В ситуации же с Патриархией тоже была надежда на отклик, но дождаться его пока не удалось. Я отправил письмо в начале января. И должен сказать, что если бы до 24 февраля получил хоть какой-то официальный ответ: "сейчас не время", "церковь не готова" или "отрицательно относится к вашей инициативе", - то даже разговора о публикации письма быть не могло. А считать несколько слов комментария корреспонденту НТВ официальным ответом я не могу. Когда посылаешь не анонимное, а подписанное собственным именем письмо, в соответствии с правилами приличия на него принято отвечать тоже письменно, хотя бы формально. Но, так как этого ответа нет до сего дня, я не считаю разговор исчерпанным, а мое обращение - закрытым.
Надо сказать, сначала я действительно был расстроен. И те, кто смотрел сюжет по НТВ, наверное, обратили внимание, что выглядел я несколько подавленным. Но это была не подавленность тем, что Патриарх в столь категоричной форме заявил по телевидению об отказе даже говорить на эту тему. Скорее некоторое разочарование из-за непонимания сути моей инициативы...

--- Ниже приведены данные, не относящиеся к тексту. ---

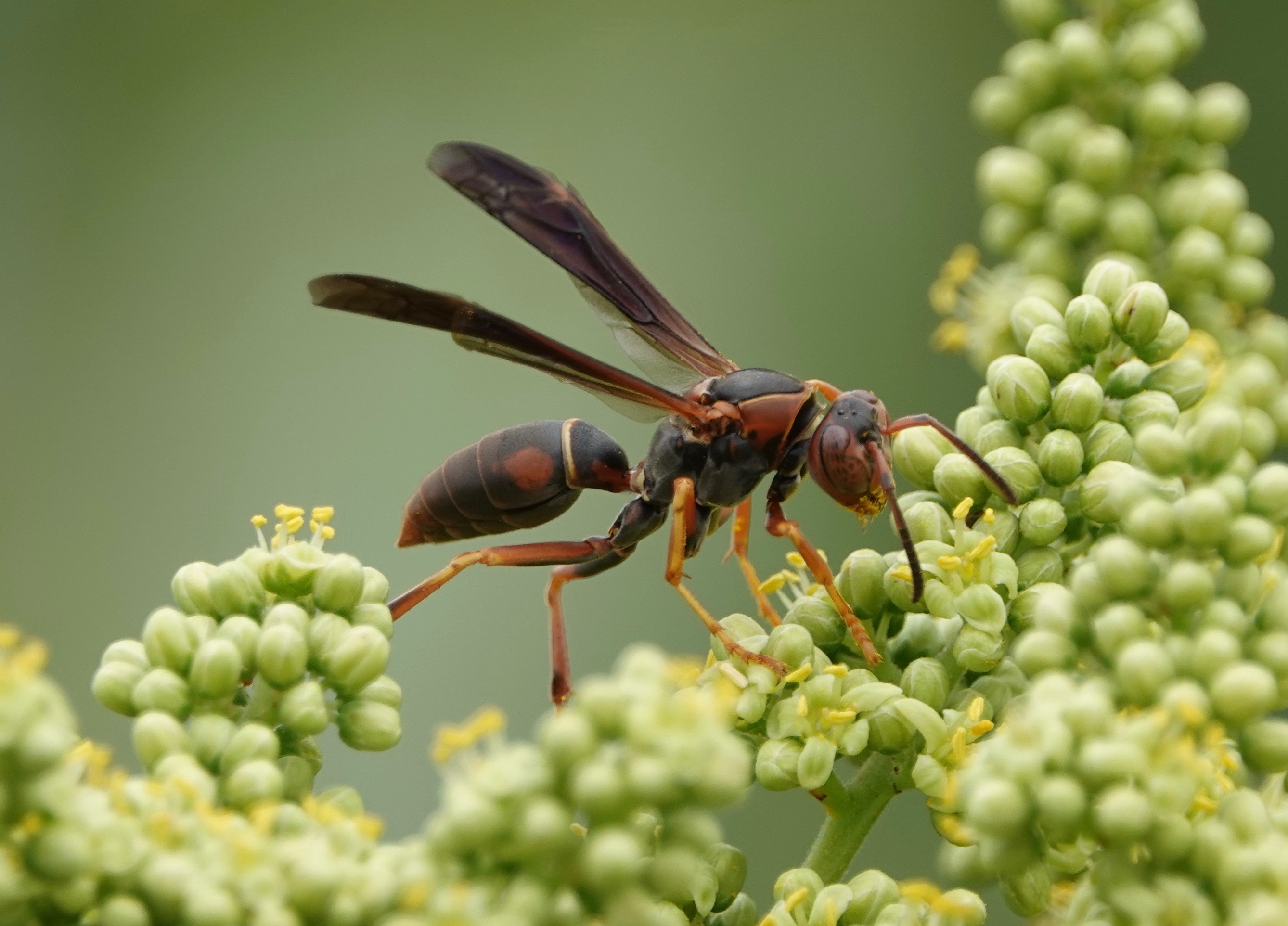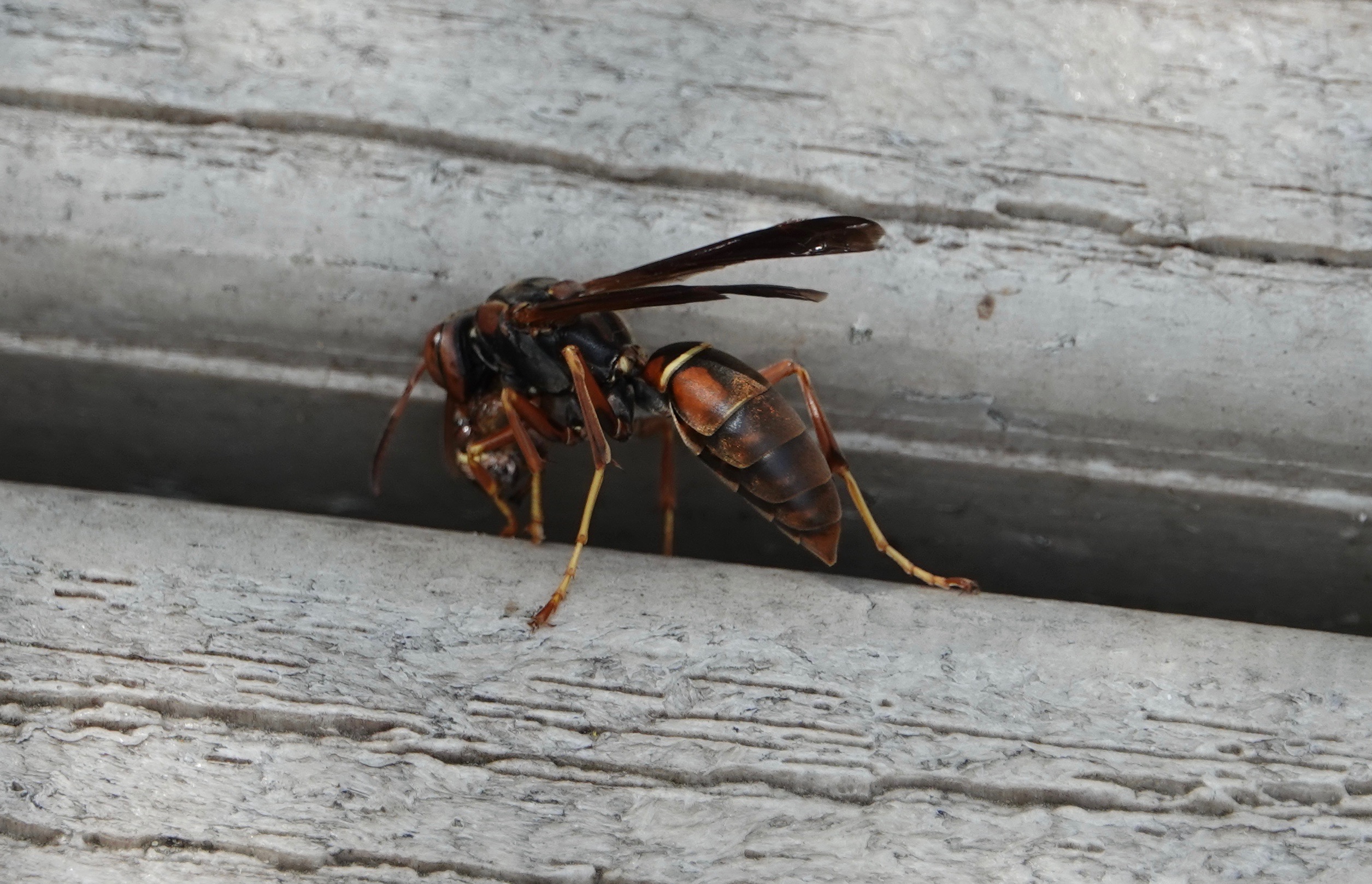 There are… a number species of paper wasps in the Polistes genus in the northeast; 11 by one count, 21 by another, I assume it’s a matter of the range of the “northeast”. Anyway, this maybe P. fuscatus, the Northern or Dark Paper Wasp. Says Bugguide.net: “the separation of P. fuscatus from related species remains the greatest taxonomic problem of the northeastern Vespidae fauna.” Interestingly, the very yellow and black European Paper Wasp (P. dominula), which is all over NYC, is also in this genus.
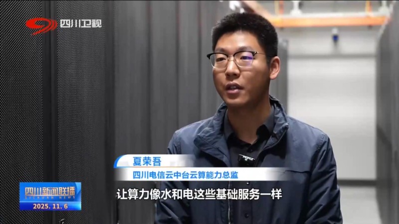 四川电信云中台云算能力总监 夏荣吾:让算力可以像水和电这些基础服务一样,通过按需、按量的这种模式,来灵活供给我们的各项企业。四川省内已经建成云边端协同、算存运融合的“2+5+21+X”一体化算力体系。

Хочу отметить еще один момент, который очень активно сейчас обсуждается: что это всё Владимир Толстой? - есть же семья, которая не обращалась с подобными письмами...
- Насколько известно, до написания письма состоялось семейное обсуждение такой возможности?
- Да. Еще летом я действительно поднимал эту тему. И никакого неприятия подобного акта у остальных членов нашей фамилии не прозвучало. Больше того, уже после информации о моем обращении мои родственники тоже обращались к Патриарху Алексию.
- Сегодня очень расхоже мнение, что Толстой вступил в неразрешимый конфликт с христианством, оспаривал его основные догматы. Но ведь он никогда не строил из себя богослова. И даже переложенное им Евангелие представляет собой прежде всего художественное осмысление самой важной темы и Личности в истории человечества...
- ...художественно-философское. Потому что философия и богословие - все же разные вещи...
- Согласен. Кроме того, конкретные претензии писателя, особенно в тех случаях, когда он довольно резко называл вещи своими именами, относились в основном к "церковной бюрократии", даже к святотатству людей, входящих в религиозную организацию, но не осознающих, к какой Материи они прикасаются.
- Все усилия Толстого в последний период его жизни были направлены на то, чтобы обратить внимание - чувства, сердца, души людей - к сути, религиозной сути христианства. Не к обрядам или условностям, а к сути. Всеми своими работами он пытался как бы дезавуировать формы извращения подлинной истории.
- Что вы собираетесь делать дальше: продолжать добиваться, чтобы вас поняли, или просто махнете рукой, потому что это бессмысленно? Что перевесит: сознание важности вопроса, касающегося реальной духовности, или "сейчас не то время"?
- Время, к сожалению, действительно не совсем то. Но меня это не останавливает. Я не могу не отвечать на приходящие письма, отклики. Не могу остаться безучастным к мнению людей, которые мне их присылают. Поэтому я намерен продолжать отвечать на них. И если буду убежден, что общественная потребность в обсуждений поднятого мною вопроса есть, то оно состоится. Возможно, это будет "круглый стол" с философами, писателями, представителями Церкви.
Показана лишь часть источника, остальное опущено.